Гурт не стал ничего говорить, не стал порицать. Мне кажется, мы с ним нашли друг друга. Два «странных», вольноотпущенный и варвар-отщепенец. Чуждые, непонятные местным. Все деревенские, без исключения, смотрят на нас со смесью из высокомерного презрения и страха.

А нам всё равно. Пусть тявкают, шакалы. Даже в этой мерзкой деревеньке можно жить. И, представьте, мне это с каких-то пор даже начало нравится! Работа день за днём, разговоры по вечерам, прогулки по округе, с всё более резво двигающимся Рексом и порхающим вокруг Пострелом, упражнения с палкой — ведь надо уметь постоять за себя… Да это почти мечта!

И вот так я думаю обо всём спокойно и лениво, с чувством сытого и победившего хищника, пристраиваю на пенёк очередное полено… И даже не подозрваю, что этому всему вот-вот придёт конец.

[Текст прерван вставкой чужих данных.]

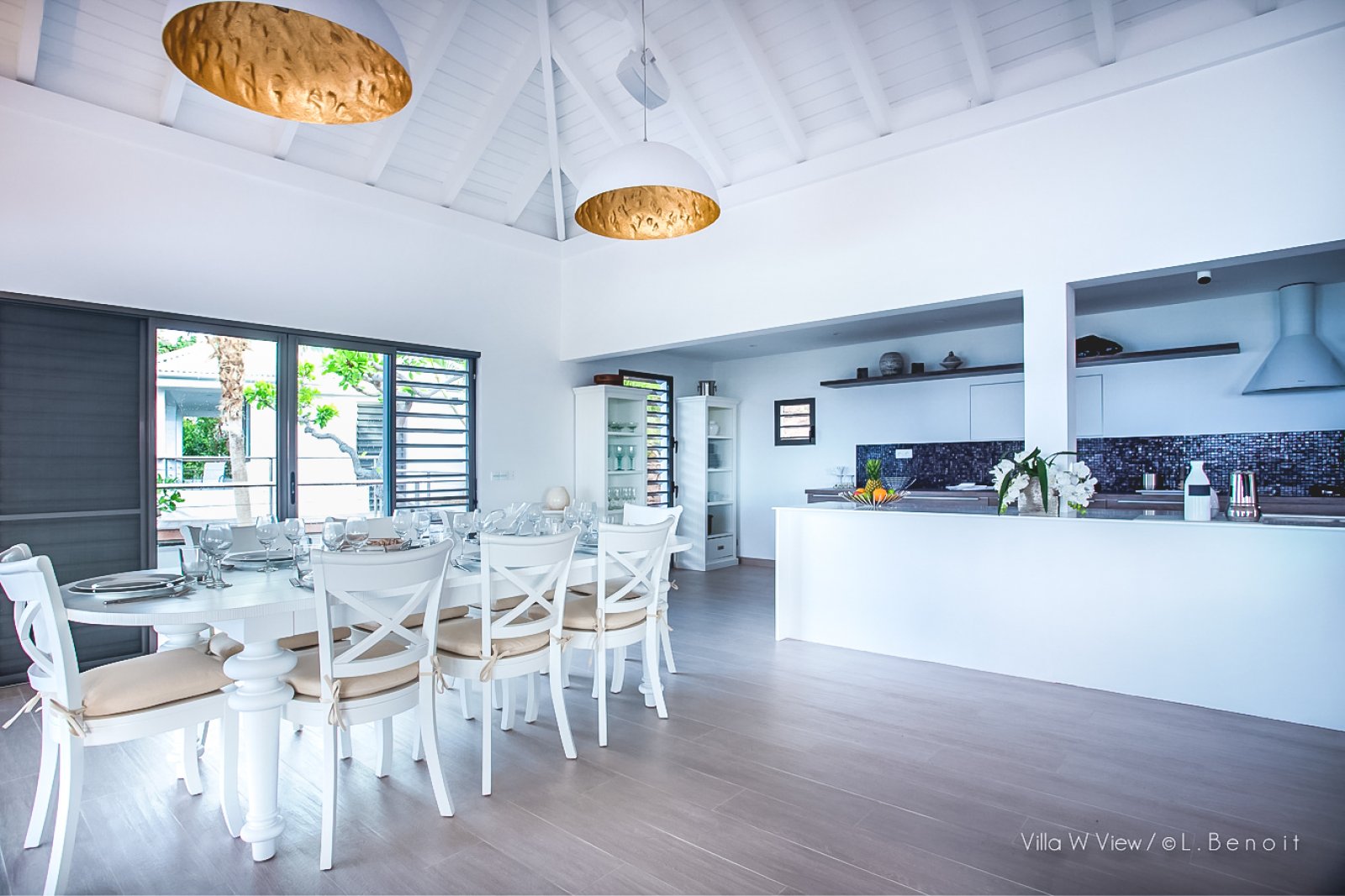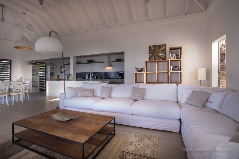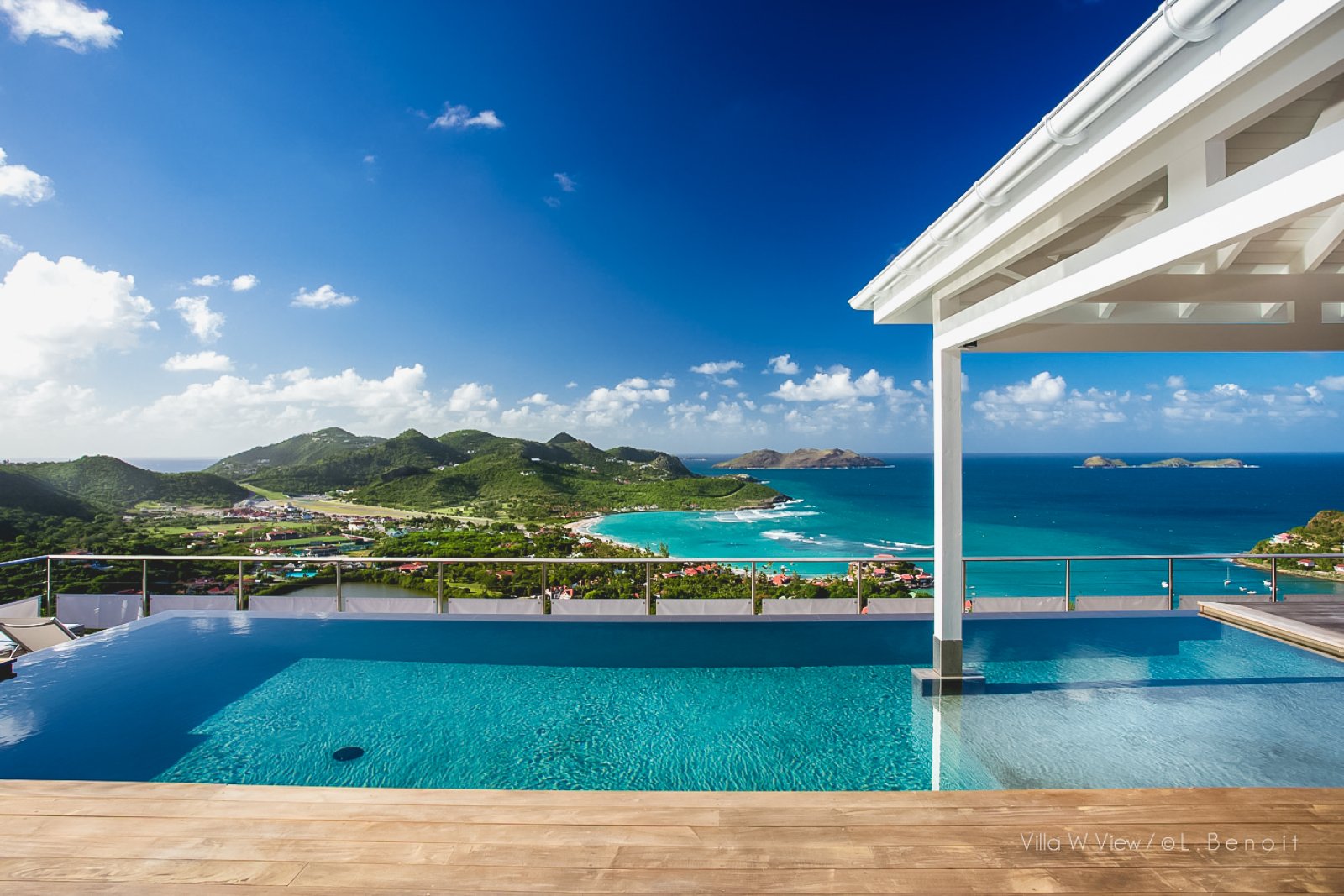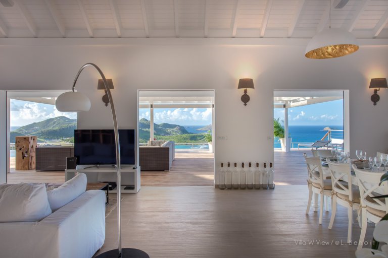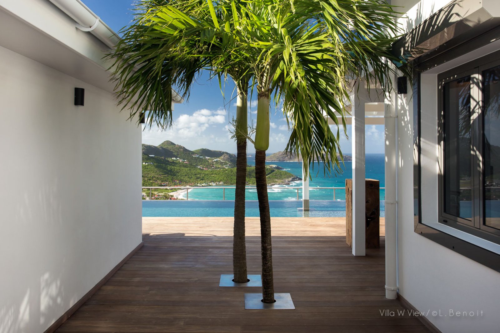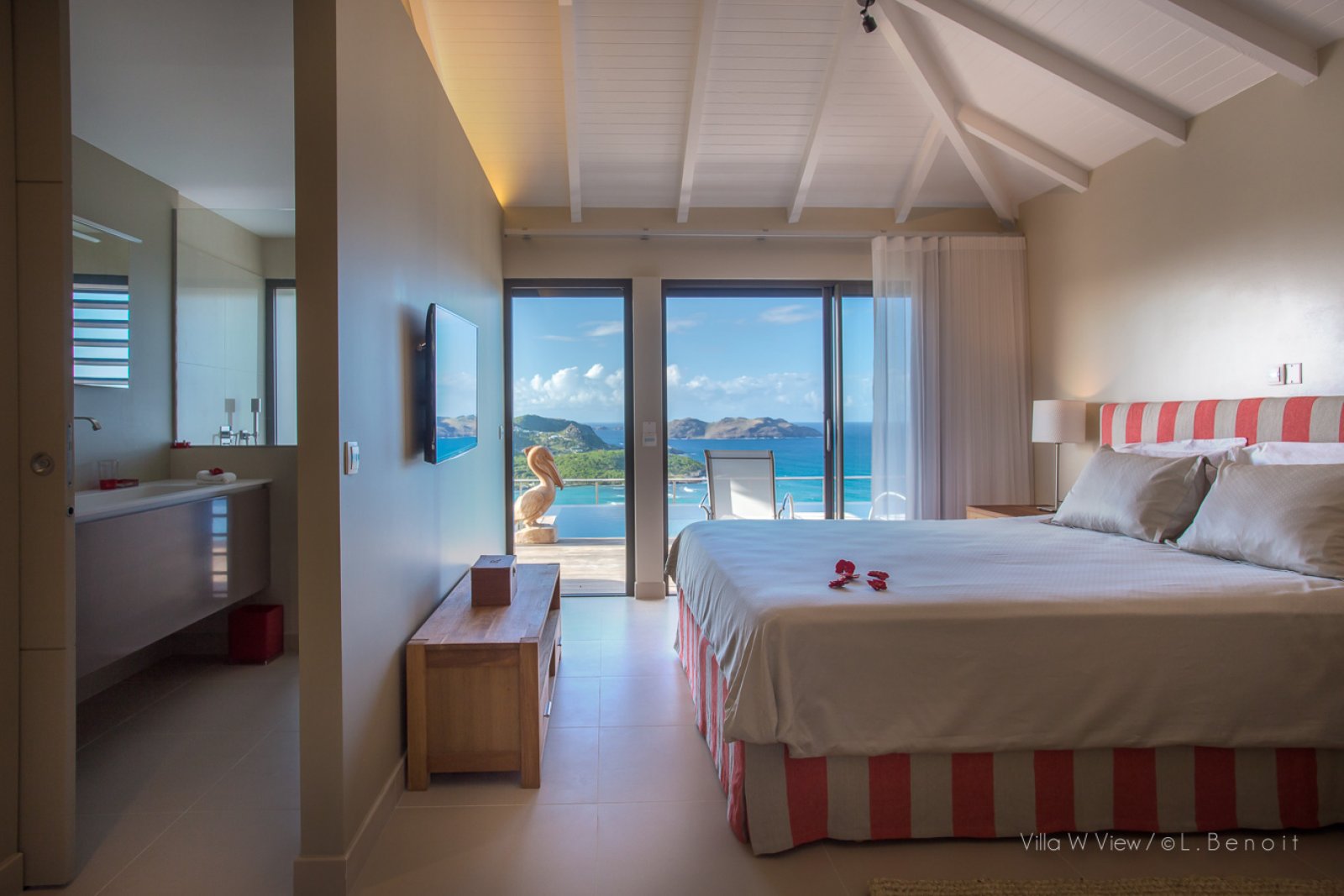Among the many luxuries to be discovered at Villa W View (WVU) is the abundance of light and space. The rooms of this vacation rental home are gracefully, generously proportioned, with large amounts of floor space, an open-plan design, high ceilings and wide walls of windows. The feeling they create is one of being at peace with nature, part of a glorious ecosystem of sea and sky, sunsets and stars. The ample living quarters are laid out in an intelligent fashion that allows for plenty of quality togetherness—without ever stepping on one another’s toes—and for some serious privacy. And at every turn, there are stellar views of the crashing waves of the Caribbean as the lap the shore of St. Jean Bay, far, far below, and seemingly a world away.

Странный и совершенно непривычный шум из-за частокола, с улицы, заставляет прерваться. Сначала это просто стук многочисленных копыт — а лошадей у нас на всю деревню всего несколько, и ни разу не видел, чтобы эти заморенные клячи шли быстрее, чем шагом. Потом, к топоту добавляется странное бряцанье, крики… Подойдя к щели в ограде, выглядываю наружу.

Там, в клубах оседающей пыли, с десяток всадников, довольно приличная такая кавалькада. Все в пыльных плащах, оружие на виду не держат, но почему-то сразу вызывают впечатление воинского отряда.

— Кузнец! Есть кузнец? — один из этих, подозрительных, спрашивает соседского мужичка. И спрашивает грубым, резким, привыкшим повелевать голосом. Мужичок, явно чрезвычайно перепуганный, что-то запинаясь мямлит, поспешно кивает на наш дом. И мне очень не нравится то, как он лебезит перед всадником, как сразу низко опускает голову, только закончив говорить.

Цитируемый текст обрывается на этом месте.